There have been, to be sure, high-profile proponents of beauty as a guide to scientific truth. Perhaps the high priest of these, within physics at least, is British theoretical physicist Paul Dirac, for whom, “it is more important to have beauty in one’s equations than to have them fit experiment.” Admittedly his relativistic version of the Schrödinger equation for the electron contains symmetries that are not only mathematically elegant but also lead inexorably to the unforced emergence of electron spin and of the existence of anti-particles. It is easy to understand how exposure to such siren examples as this have beguiled two generations of Dirac’s successors into searching for the path of physical truth behind the doorway of mathematical beauty.


The community of “string-theory,” for example, stands starkly in this tradition, now possessing a five-fold mathematical theory that contains an unimaginably vast number of possible universes, but no testable experimental predictions whatsoever. No wonder that its critics such as physicist and writer Sabine Hossenfelder, in her book Lost in Math, warn that, “Beauty is a treacherous guide, and it has led physicists astray many times before … Physics isn’t math. It’s choosing the right math.” The implication is that “the right math” may not be the most aesthetically appealing, in spite of the opinions reflected in The Role of Aesthetics in Science. Hossenfelder is just one of a numerous and outspoken community of physicists who have, over several years, raised strong objections to the choice of the string-theorists to follow mathematical beauty rather than experimental evidence in guiding their program. The complaint is not purely methodological, but takes on moral aspects as well: surely science ought always to make contact with experiment? The duration, scope and wide discussion of these arguments is one reason to be surprised at the findings of The Role of Aesthetics in Science. The problematic example of string theory does not seem to have deterred most of the field from allowing beauty a continuing place as a guide to truth.

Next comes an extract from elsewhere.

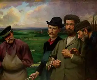 While he painted many society portraits he also created scenes of social realism depicting persons from the upper as well as the working classes, which show an insight into his subjects. Leempoels had an idealistic view of the role of the artist and expressed the opinion that it is the artist’s mission to make the world better or wiser. Art should therefore possess more than beauty and also express an idea and have a philosophical meaning.[13][14] This explains some of his paintings with titles such as 'Vision, cruel vision, why have you frightened me so often during the nights of my childhood? Why?'[14] Paintings with such philosophical intent include the painting Destiny and Humanity referred to above as well as the composition entitled Friendship (c. 1896, National Museum of Fine Arts in Buenos Aires). The iconography of the painting is derived from José de Ribera’s painting of a married couple entitled The Bearded Woman (1631, preserved in the Hospital de Tavera). Leempoels not only copied the facial features but also the gestures of the woman and her husband. Leempoels updated the clothing of the two figures, reversed the couple's position and diluted the reference to the original inspiration by not showing a naked breast nursing the child. The quotation by Leempoels of Ribera's original composition was not noticed by the contemporary reception. The work is understood to constitute two male portraits. When the painting was exhibited in 1897 at the Salon of the Société Nationale des Beaux Arts, it was described by an art critic as two portraits in one canvas of two male friends of the same age, whose "physiognomy displays average intelligence" and who hold hands as a "sign of an indissoluble communion of feeling".[15] Present-day views of the picture have emphasised the difficulty in interpreting representations of male bonding such as the one in Friendship.[16]

Widening perspective beyond physics shows that any resolution of the tangled contest between knowledge and aesthetics will need to move beyond that particular science, even beyond the sciences as a whole, for a similar chorus of discordant voices seems to emerge in every disciplinary context. Turning the flow of the argument slightly, the visual arts have long furnished an arena for disagreement over whether claims for beauty are demonstrably true or not.


Japanese-American artist Makoto Fujimura writes, for example, of the modernist painter Mark Rothko’s luminously colored canvasses, “Rothko’s paintings are about standing in proximity to a kind of ominous, ‘otherized’ world. But I see hope in that unfamiliarity. And the reason is, it makes me want to go to my studio and paint again.” Yet British art and literary critic Roger Scruton declares of Rothko’s art, “the work consists of little more than a few rectangles of coordinated colors. Anyone who is not told the value of such art would find it difficult to identify it with beauty or beauty with any type of dollar value.” Unpicking such stark divergence is challenging: the credentials underpinning both voices are as strong, their authors’ engagement with ethical discussion as subtle and profound, though reaching completely different conclusions. If any generalization on their outlook holds, it might be that Scruton’s mental gaze has turned more often to the past and to its traditions, Fujimura’s to the future and its possibilities. Both critiques, positive and negative, therefore draw yet again on ethical dimensions to the question—it is impossible to resist questions such as which perspective, historical or future, ought one to prefer.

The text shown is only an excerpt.